Exercise: With images removed, transcribe each record exactly as it appears.

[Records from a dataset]
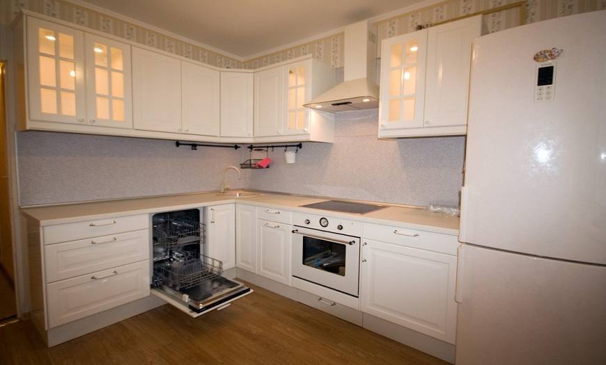 Расстановка кухонной мебели буквой “Г” наиболее практична с точки зрения эргономики. Она позволяет выделить полноценную обеденную зону, установить всю необходимую бытовую технику, уменьшить расстояние между функциональными блоками.
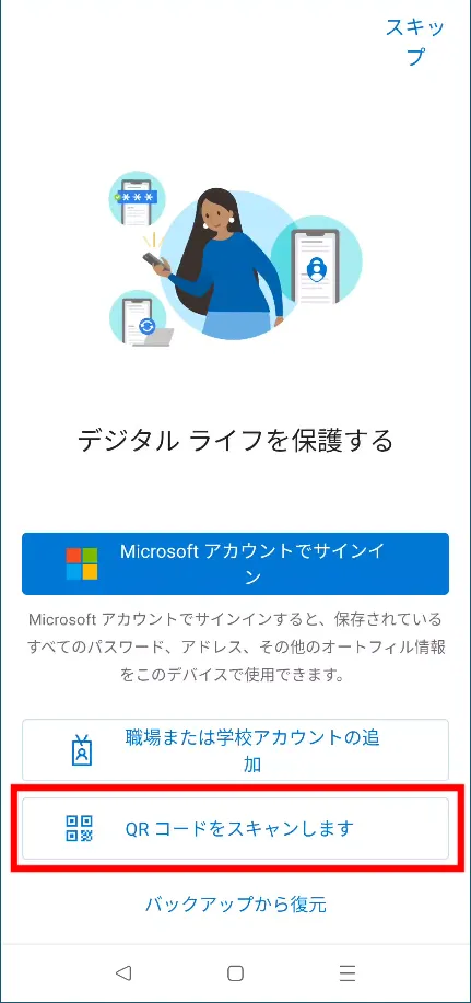 - 「デジタル ライフを保護する」という画像1枚目のような画面が表示されている場合は,「QRコードをスキャンします」という項目を押してください.そうではなく画像2枚目または3枚目のような画面が表示されている場合は,画面右上の「+」を押してから,「職場または学校アカウント」「QRコードをスキャン」の順に選択してください.いずれの場合もカメラの利用を許可するか尋ねられることがありますが,その際は許可してください.
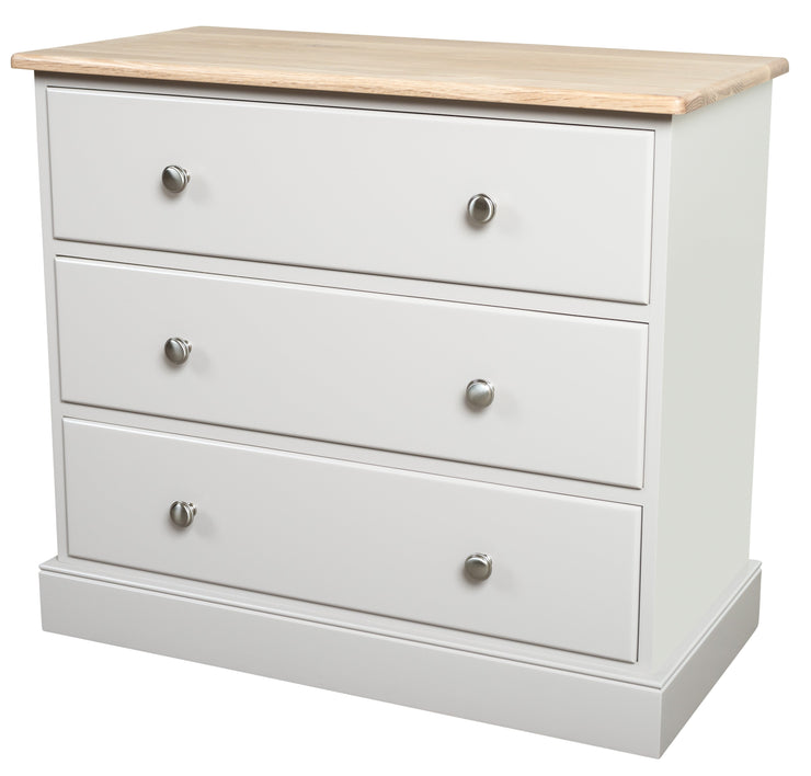 A collection of painted pine bedroom furniture with solid oak tops and knobs.
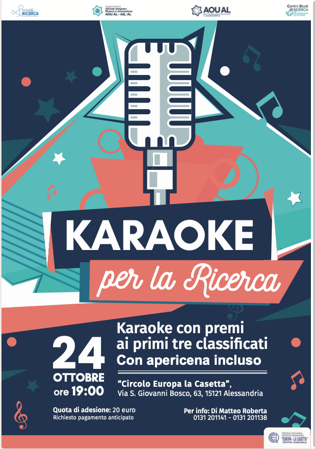 Domani, giovedì 24 ottobre, alle ore 19, il Circolo Europa “La Casetta“ di Alessandria ospiterà il “Karaoke per la Ricerca” che permetterà di raccogliere fondi a sostegno delle attività di ricerca del DAIRI, Dipartimento Attività Integrate Ricerca e Innovazione dell’Azienda Ospedaliero-Universitaria di Alessandria, diretto da Antonio Maconi.
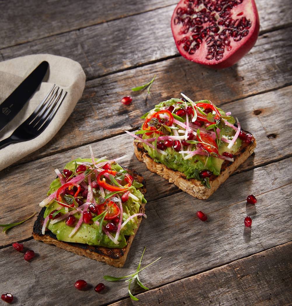Chica’s avocado toast starts with toasted ancient-grains bread from Bouchon Bakery, which is topped with avocado mousse, sliced avocado, pomegranate seeds, pickled Fresno chilies, watermelon radish and toasted pumpkin seeds, $13 during brunch from 8 a.m. to 4 p.m. weekends.
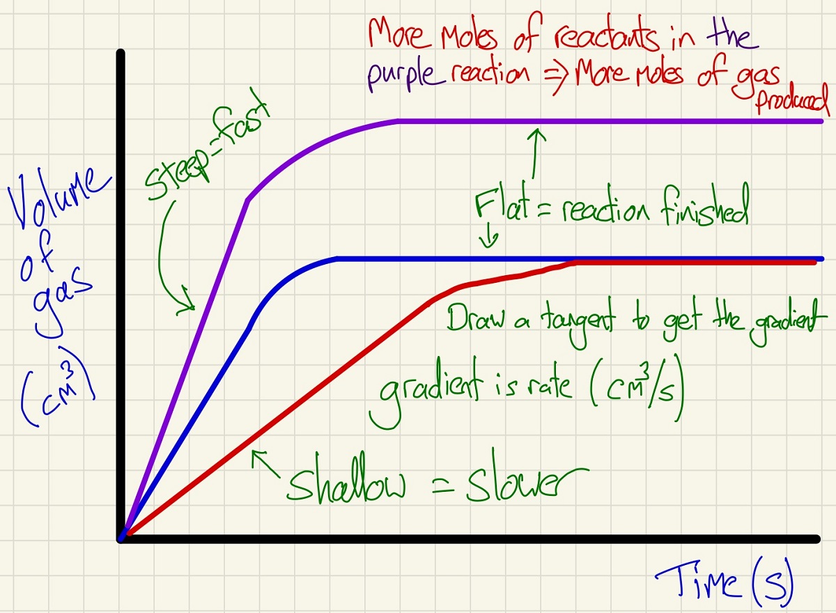 We can measure the rate of reaction (continuous method) by plotting the volume of a gas evolved against the time as shown below. These graphs are simple but show lots of information. By drawing a tangent at different points, you can get the gradient and so the rate. You will be able to see that the rate always falls over time, this is because with time, reactants are used up and so the concentration falls, so does the rate as there are fewer (successful) collision per second. We stipulate "successful" collisions because if the particles do not have the activation energy or higher, they will not react. As well as the rate, you can see the final volume of gas, use PV=nRT to work out the moles of gas and can even see if there was a limiting reactant.
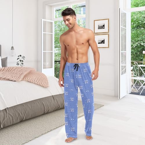 HOT ! Men's Blue Polka Dots and Bows Pajama Pants with Pockets - Straight Fit Cotton Sleep Bottoms for Lounge & Nightwear

Solution:
 Расстановка кухонной мебели буквой “Г” наиболее практична с точки зрения эргономики. Она позволяет выделить полноценную обеденную зону, установить всю необходимую бытовую технику, уменьшить расстояние между функциональными блоками.
 - 「デジタル ライフを保護する」という画像1枚目のような画面が表示されている場合は,「QRコードをスキャンします」という項目を押してください.そうではなく画像2枚目または3枚目のような画面が表示されている場合は,画面右上の「+」を押してから,「職場または学校アカウント」「QRコードをスキャン」の順に選択してください.いずれの場合もカメラの利用を許可するか尋ねられることがありますが,その際は許可してください.
 A collection of painted pine bedroom furniture with solid oak tops and knobs.
 Domani, giovedì 24 ottobre, alle ore 19, il Circolo Europa “La Casetta“ di Alessandria ospiterà il “Karaoke per la Ricerca” che permetterà di raccogliere fondi a sostegno delle attività di ricerca del DAIRI, Dipartimento Attività Integrate Ricerca e Innovazione dell’Azienda Ospedaliero-Universitaria di Alessandria, diretto da Antonio Maconi.
Chica’s avocado toast starts with toasted ancient-grains bread from Bouchon Bakery, which is topped with avocado mousse, sliced avocado, pomegranate seeds, pickled Fresno chilies, watermelon radish and toasted pumpkin seeds, $13 during brunch from 8 a.m. to 4 p.m. weekends.
 We can measure the rate of reaction (continuous method) by plotting the volume of a gas evolved against the time as shown below. These graphs are simple but show lots of information. By drawing a tangent at different points, you can get the gradient and so the rate. You will be able to see that the rate always falls over time, this is because with time, reactants are used up and so the concentration falls, so does the rate as there are fewer (successful) collision per second. We stipulate "successful" collisions because if the particles do not have the activation energy or higher, they will not react. As well as the rate, you can see the final volume of gas, use PV=nRT to work out the moles of gas and can even see if there was a limiting reactant.
 HOT ! Men's Blue Polka Dots and Bows Pajama Pants with Pockets - Straight Fit Cotton Sleep Bottoms for Lounge & Nightwear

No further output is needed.